- **WHAT YOU HAVE TO DO**: A verbatim transcription of the listing below is required, without its pictures.

- **DATA SECTION**:
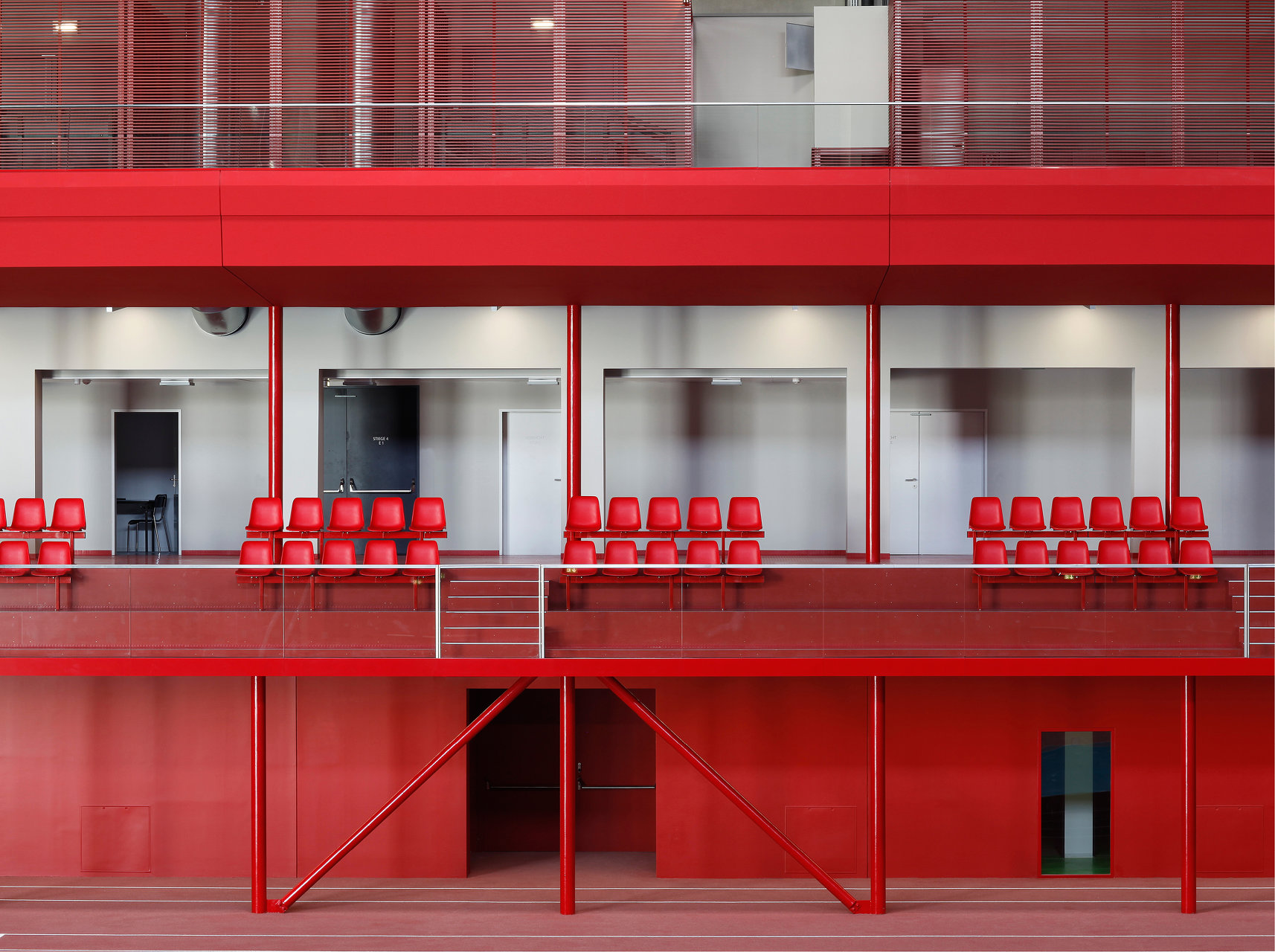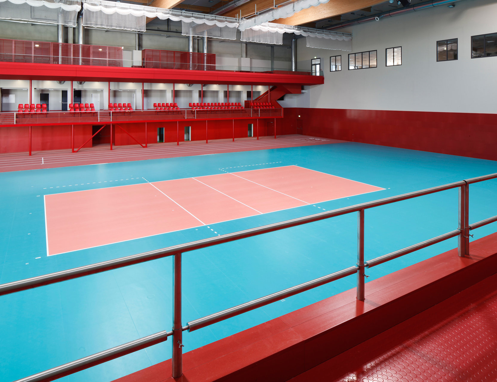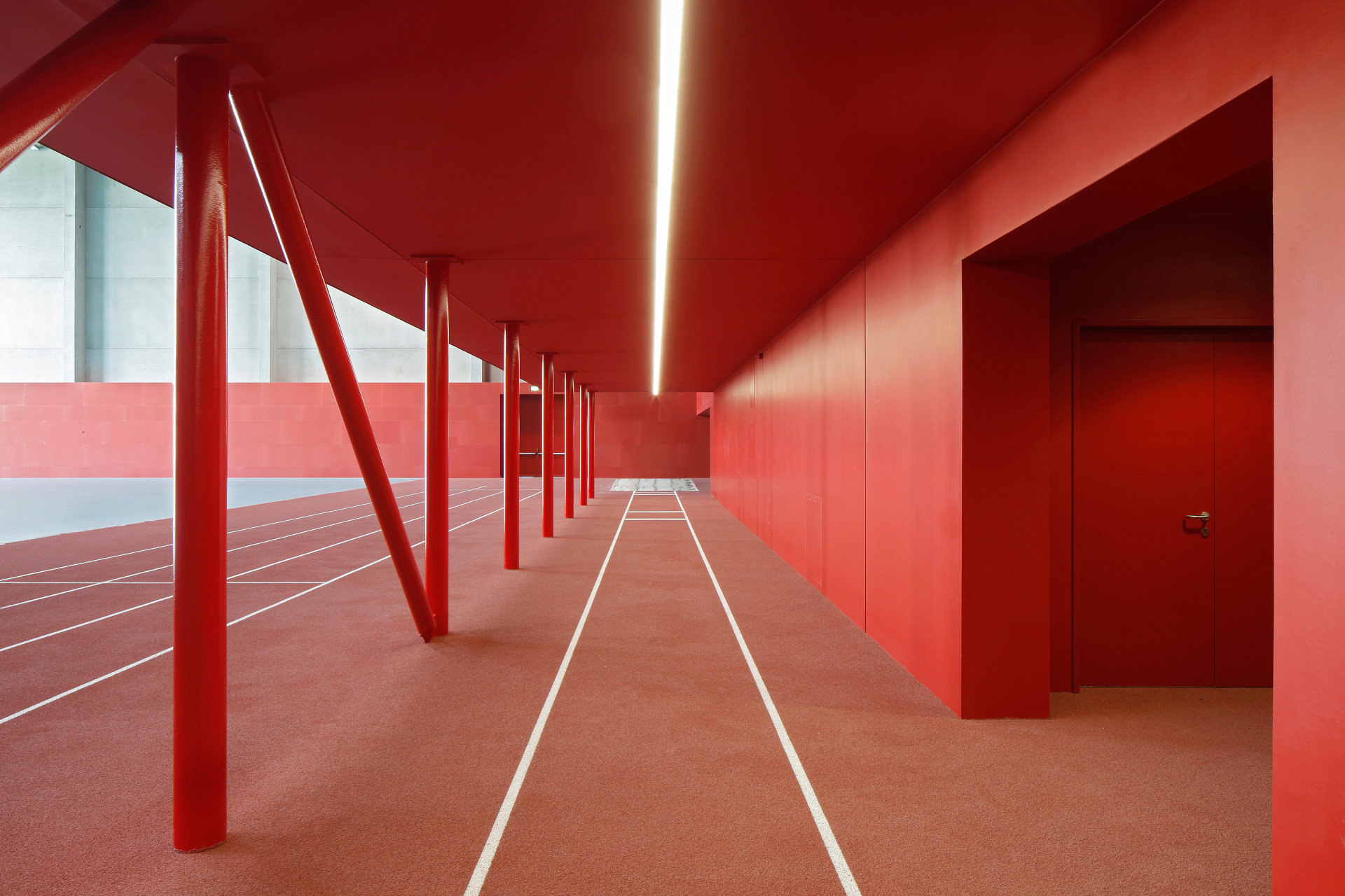 Die architektonische Gestaltung der Halle folgte der Idee eines Implantates, das aus Sportboden für Volleyball und Leichtathletik, Prallwand, Zuschauer- und Cardio-Galerie besteht und konsequent in roter Farbe gehalten ist. Im Detail werden die einzelnen Elemente mit durchgefärbtem MDF, rotem Kautschuk, Latex und Stahl materialisiert.
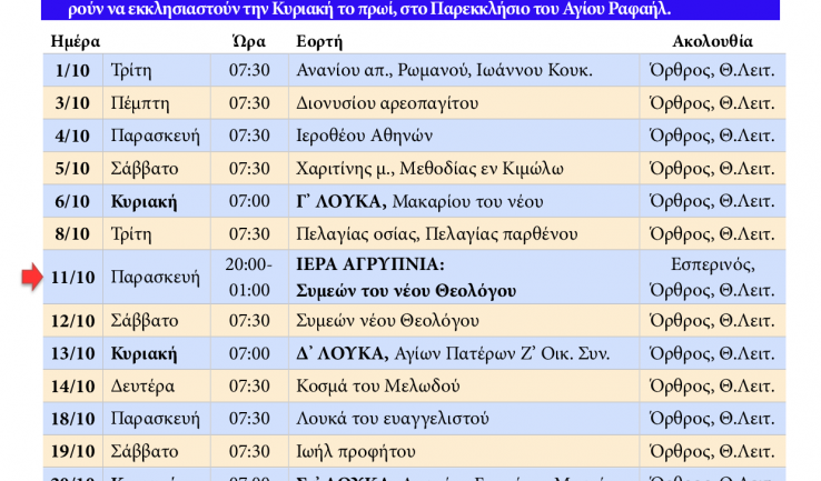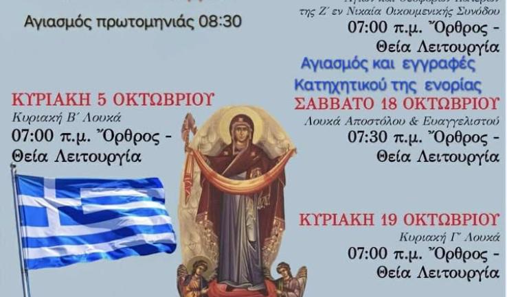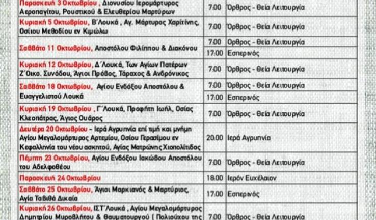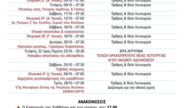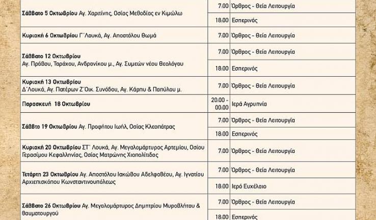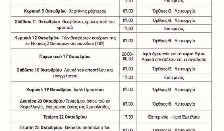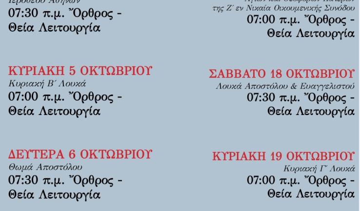 Πρόγραμμα ακολουθιών Οκτωβρίου 2024 ενορίας Αγίου Διονυσίου Αχαρνών
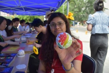 活动现场留学生参加“魔法星球”绘制活动“给自己颁个奖”活动

- **RESPONSE TO THIS EXERCISE**:
 Die architektonische Gestaltung der Halle folgte der Idee eines Implantates, das aus Sportboden für Volleyball und Leichtathletik, Prallwand, Zuschauer- und Cardio-Galerie besteht und konsequent in roter Farbe gehalten ist. Im Detail werden die einzelnen Elemente mit durchgefärbtem MDF, rotem Kautschuk, Latex und Stahl materialisiert.
 Πρόγραμμα ακολουθιών Οκτωβρίου 2024 ενορίας Αγίου Διονυσίου Αχαρνών
 活动现场留学生参加“魔法星球”绘制活动“给自己颁个奖”活动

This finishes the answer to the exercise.